» DATA SUPPLIED
------------------------------------------------

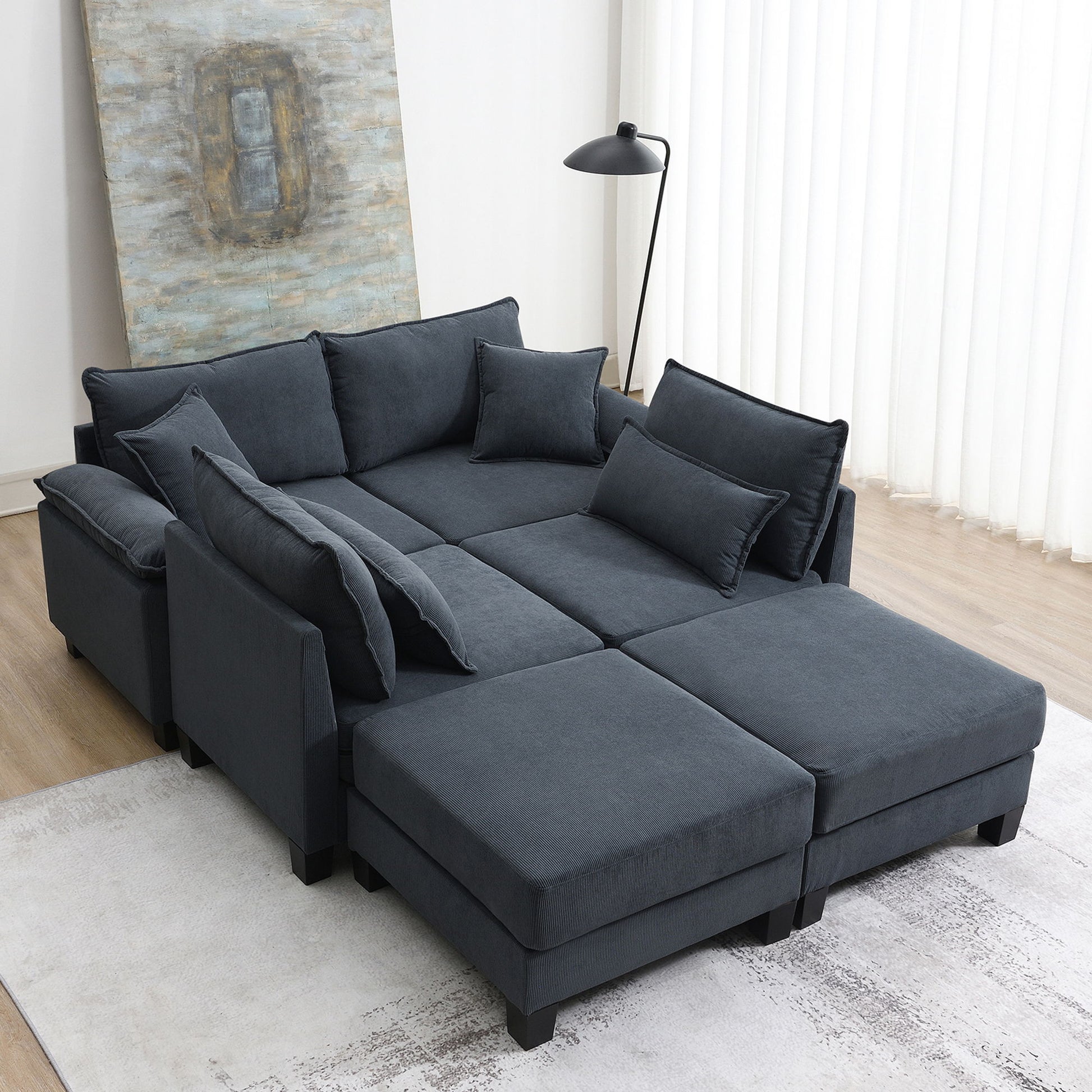 Wide Seat Modular Sectional Bed Sleeper Couch Set With Armrest Pillow 6 Seat, Free Combination Sofa With Ottomans Oversized
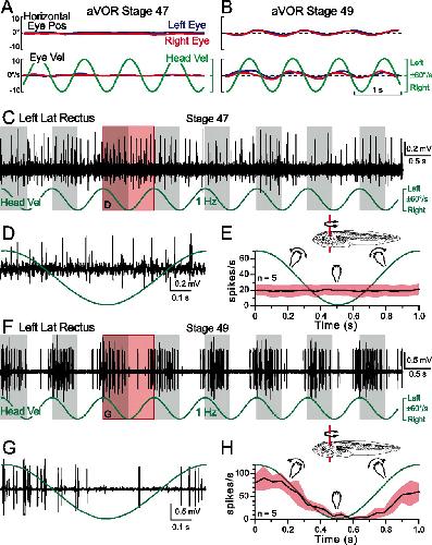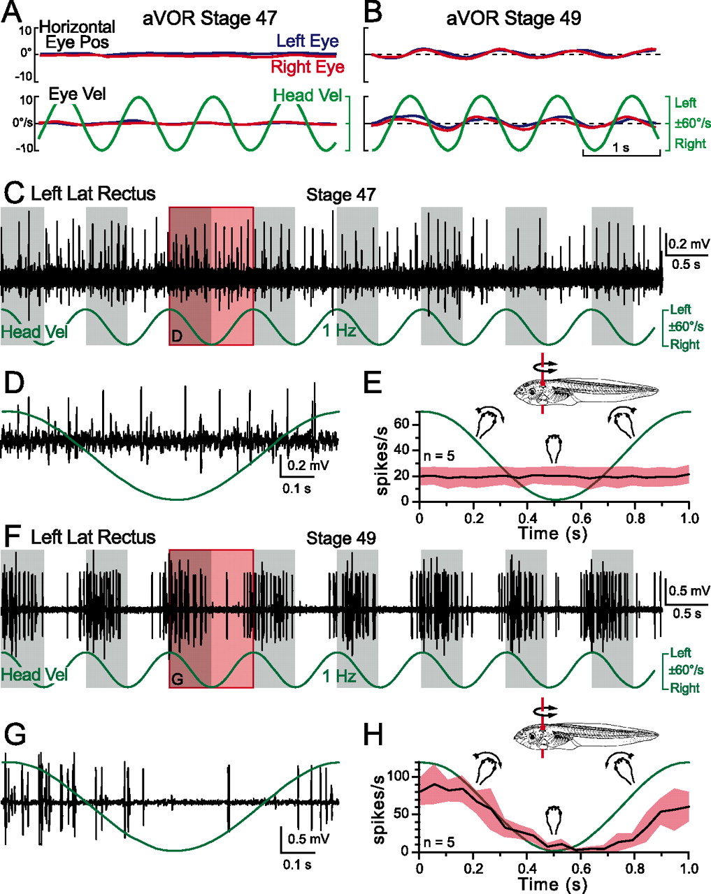 VOR behavior and extraocular nerve discharge of larval Xenopus in response to vertical axis rotation. A, A stage 47 larvae did not exhibit any behavioral response during angular acceleration stimulation in the vertical axis (1 Hz; ±400°/s2). B, Only by stage 49 did Xenopus larvae demonstrate a reliable aVOR during angular acceleration stimulation. CâH, Compatible with the behavior, the activity of the abducens nerve innervating the left lateral rectus in a stage 49 (FâH) but not in a stage 47 (CâE) Xenopus was modulated in response to the same stimuli. D, G, One cycle of the recordings in C and F, respectively, at an extended time scale; the average ± SD (red area) of five animals over 30 cycles is summarized in E and H, respectively. Pos, Position; Vel, velocity; Lat, lateral.
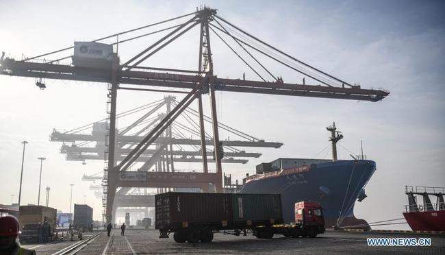 Čínský přístav v zálivu Beibu zaznamenává rekordní propustnost kontejnerůNANNING 28. prosince (Xinhua) - Přístav v zálivu Beibu v jihočínské Zhuangské autonomní oblasti Guangxi poprvé v pondělí překonal roční přepravní kapacitu 5 milionů standardních kontejnerů TEU.Fotografie pořízená 28
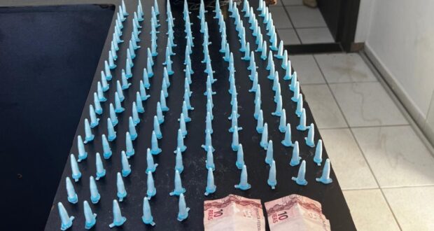 Segundo informações, policiais da ROCAM estavam em patrulhamento pelo bairro Santa Maria, quando adentraram a Rua Quatorze , avistaram um indivíduo saindo do mato e fazendo contato com uma motocicleta. Ao perceber a aproximação da equipe a motocicleta se evadiu, não sendo possível abordar. O indivíduo que saiu do mato foi abordado, com ele foram localizados 10 pinos de cocaína e R$20,00 . O abordado acabou mostrando onde escondia o restante da droga. Foram apreendidos mais 165 pinos de cocaína. B. F. Z, de 32 anos, foi encaminhado para a Delegacia da Polícia Civil, onde foi autuado em flagrante por tráfico de drogas e recolhido ao presídio local.
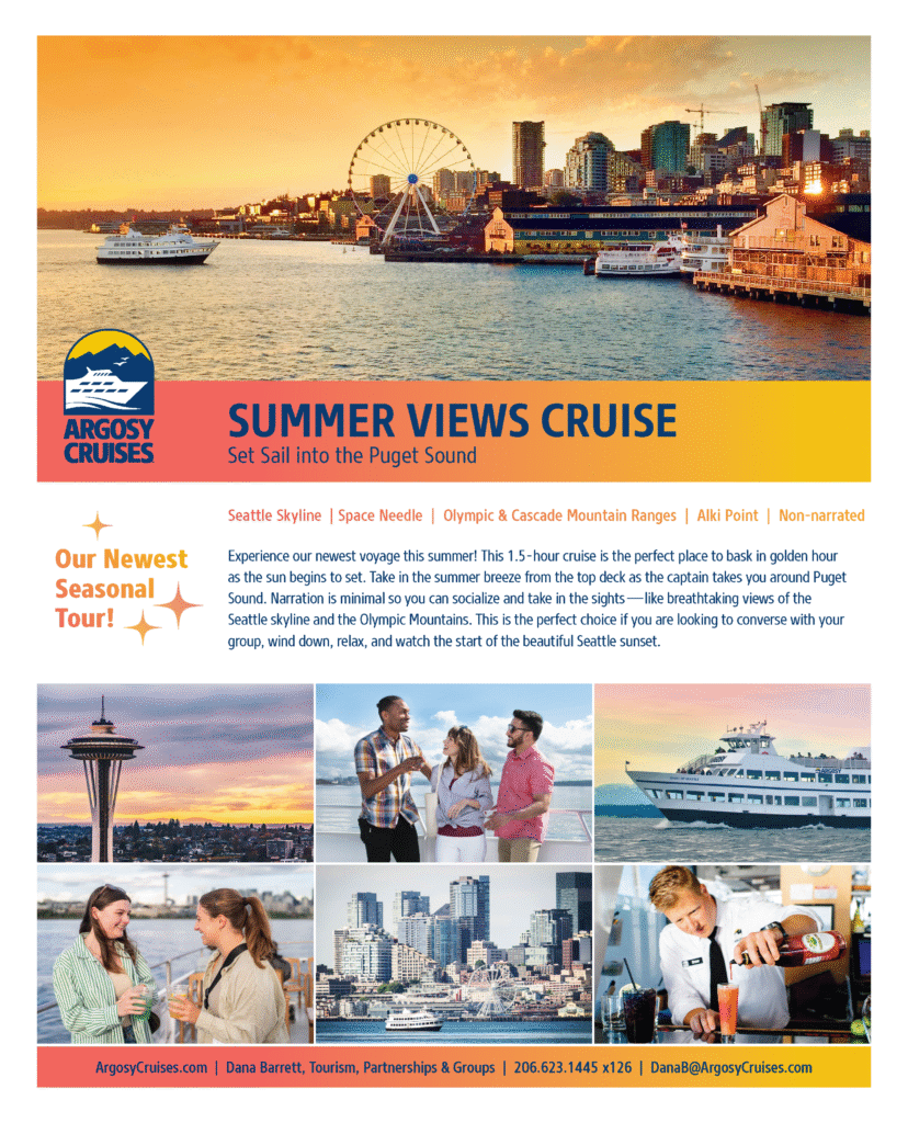 Feel the cool summer breeze and soak up the Seattle skyline, Space Needle, and Olympic Mountains as the sun paints the sky gold. This isn’t your average sightseeing tour — it’s a chill, good-vibes-only cruise where the soundtrack is laughter, good company, and maybe a splash of music on deck.
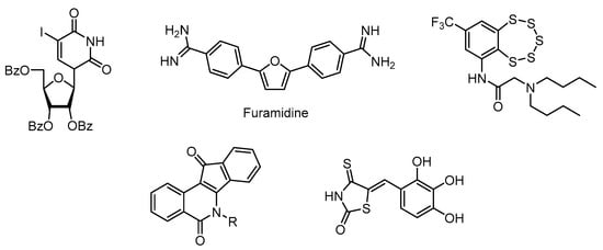 DNA in living organisms is constantly exposed to a variety of physical and chemical stresses, and damage occurs as a result. Bulk DNA damage is caused by UV light and environmental mutagens, and X-rays cause DNA double-strand breaks. Defects in the repair of DNA damage are implicated in a variety of diseases, many of which are typified by neurological dysfunction and/or increased genetic instability and cancer []. Traditional cancer chemotherapy is aimed at damaging the DNA of malignant cells, and the results depend on the effectiveness of their repair systems. Recently, compounds that act as DNA repair inhibitors have been considered as potential drugs [,]. The enzyme tyrosil-DNA-phosphodiesterase 1 (TDP1) is one of the promising ones []. This enzyme is an important supplementary target for anticancer therapies based on topoisomerase inhibitors 1 (TOP1), since it plays a key role in the removal of TOP1-DNA adducts stabilized by TOP1 inhibitors such as camptothecine [] and its clinical derivatives []. TDP1 is also capable of hydrolysing apurinic sites, and thus leading to their repair. This may be the key activity needed for the repair of DNA damage caused by antitumour alkylating drugs such as temozolomide (TMZ), as well as ionising radiation []. Thus, the inhibition of TDP1 activity may significantly enhance the therapeutic effect of some anticancer agents. SCAN1 is a natural mutant of TDP1 where His493 is replaced with Arg493 in the binding pocket []. The mutation changes the geometry of the enzyme active site, and the enzyme remains covalently bound to DNA. This mutation leads to a severe neurodegenerative disease spinocerebellar ataxia syndrome with axonal neuropathy (SCAN1). It is currently suggested that the pathology is caused by the accumulation of the SCAN1-DNA covalent cleavage complexes []. It is assumed that nerve cells especially suffer from the accumulation of such adducts due to their nonproliferative nature leading to the progressive accumulation of unrepaired DNA lesions []. Therefore, suppression of SCAN1 activity could potentially improve the SCAN1 patients’ condition and prevent the progression of the disease. The search for inhibitors of key DNA repair enzymes is a promising area of medical chemistry, as it represents one of the ways to design effective therapies for cancer, as well as cardiovascular and neurodegenerative diseases. Recently, a number of TDP1 inhibitor structural classes have been studied, including pyrimidine nucleosides [], furamidine [], compounds with benzopentathiepine moiety [], indenoisoquinolines [], and 5-arylidenethioxothiazolidinones [] (Figure 1).
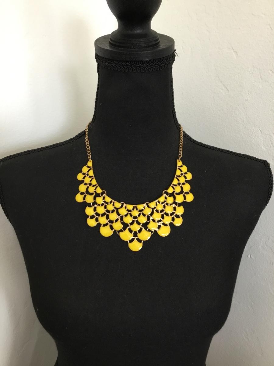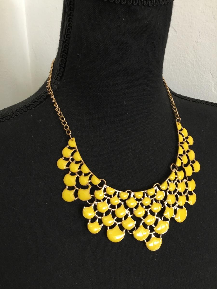 Vintage, goldtone, sunshine, yellow enamel statement, necklace
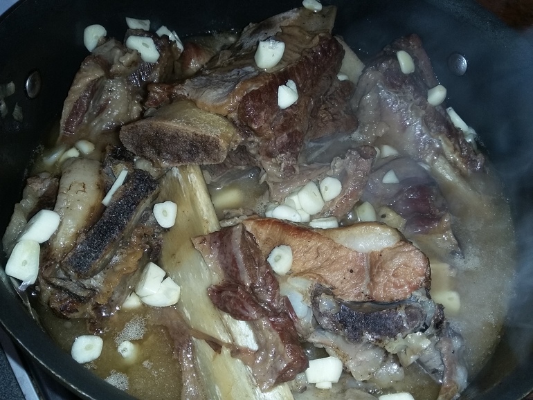 Тушить вместе еще 40-50 минут. Добавить головку мелко нарезанного чеснока и лавровый лист:
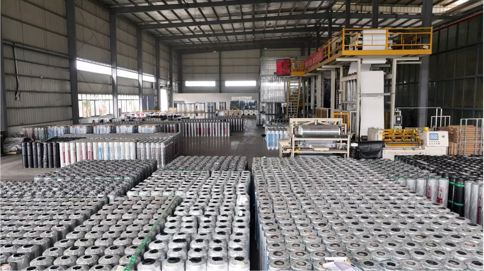 “我们的高分子防水卷材在抗老化性能和人工成本节约上优势显著,抗老化年限可达15年以上,且施工简便,无需投入大量人力。尤其是新研发的沥青自粘TPO防水卷材,施工非常方便。”谈及产品优势,许家松满脸自豪。
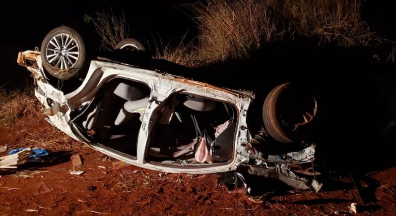 14/08/2019 Mulheres morrem e pai e filho ficam feridos após carro atropelar capivara e capotar, em Sidrolândia ...
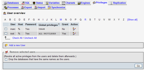The first page displayed when we enter the Privileges subpage is called User overview. This shows all user accounts and a summary of their global privileges, as shown in the next screenshot:
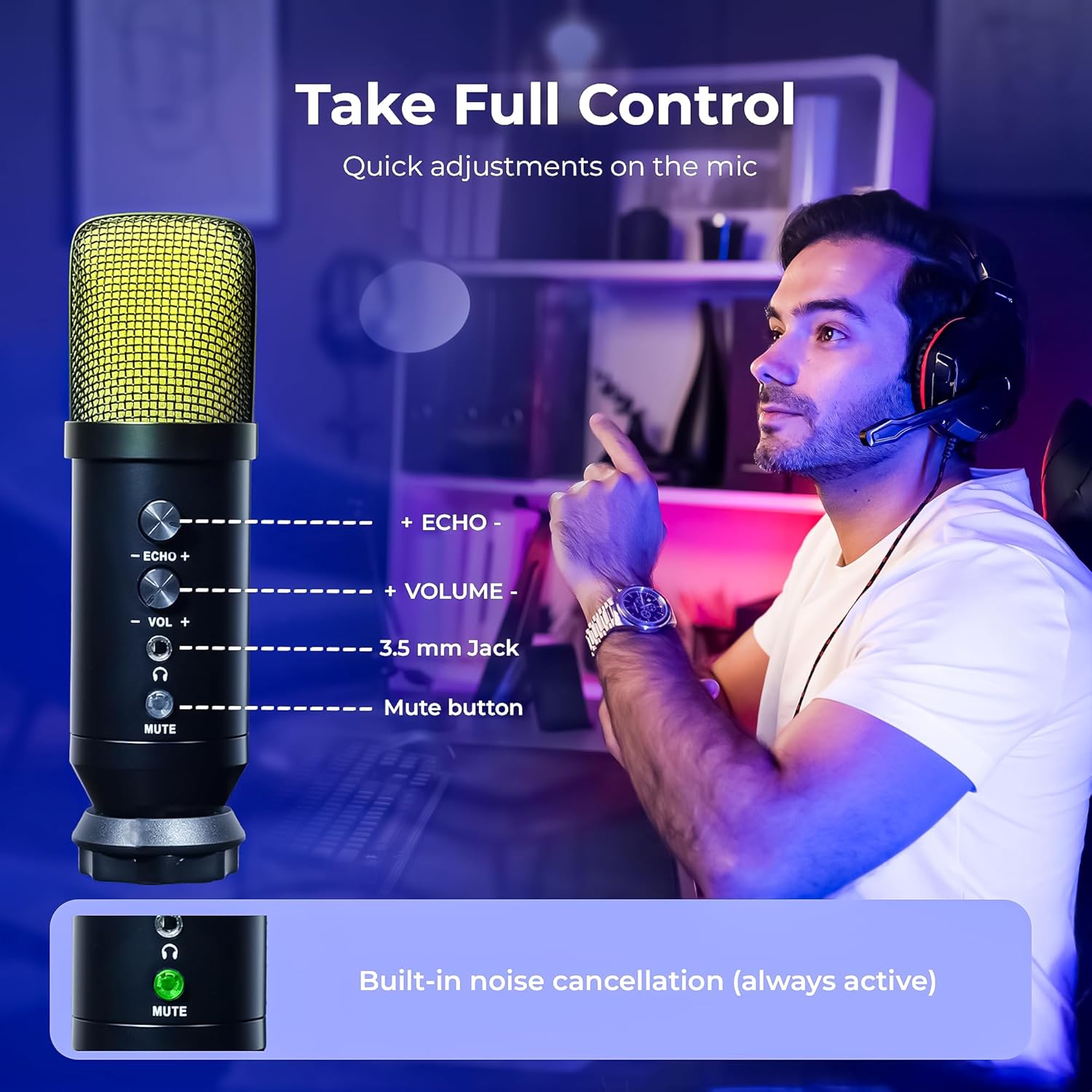 Real-Time Audio Controls – Easily adjust volume, echo, and monitoring levels with the intuitive knob system—no software or driver required.

------------------------------------------------

» WHAT YOU HAVE TO DO
The answer must be an exact copy of the lines above, from the start of the records through the line with "VOR behavior and", and of nothing else; no pictures belong in it.

» ANSWER SECTION
 Wide Seat Modular Sectional Bed Sleeper Couch Set With Armrest Pillow 6 Seat, Free Combination Sofa With Ottomans Oversized
 VOR behavior and extraocular nerve discharge of larval Xenopus in response to vertical axis rotation. A, A stage 47 larvae did not exhibit any behavioral response during angular acceleration stimulation in the vertical axis (1 Hz; ±400°/s2). B, Only by stage 49 did Xenopus larvae demonstrate a reliable aVOR during angular acceleration stimulation. CâH, Compatible with the behavior, the activity of the abducens nerve innervating the left lateral rectus in a stage 49 (FâH) but not in a stage 47 (CâE) Xenopus was modulated in response to the same stimuli. D, G, One cycle of the recordings in C and F, respectively, at an extended time scale; the average ± SD (red area) of five animals over 30 cycles is summarized in E and H, respectively. Pos, Position; Vel, velocity; Lat, lateral.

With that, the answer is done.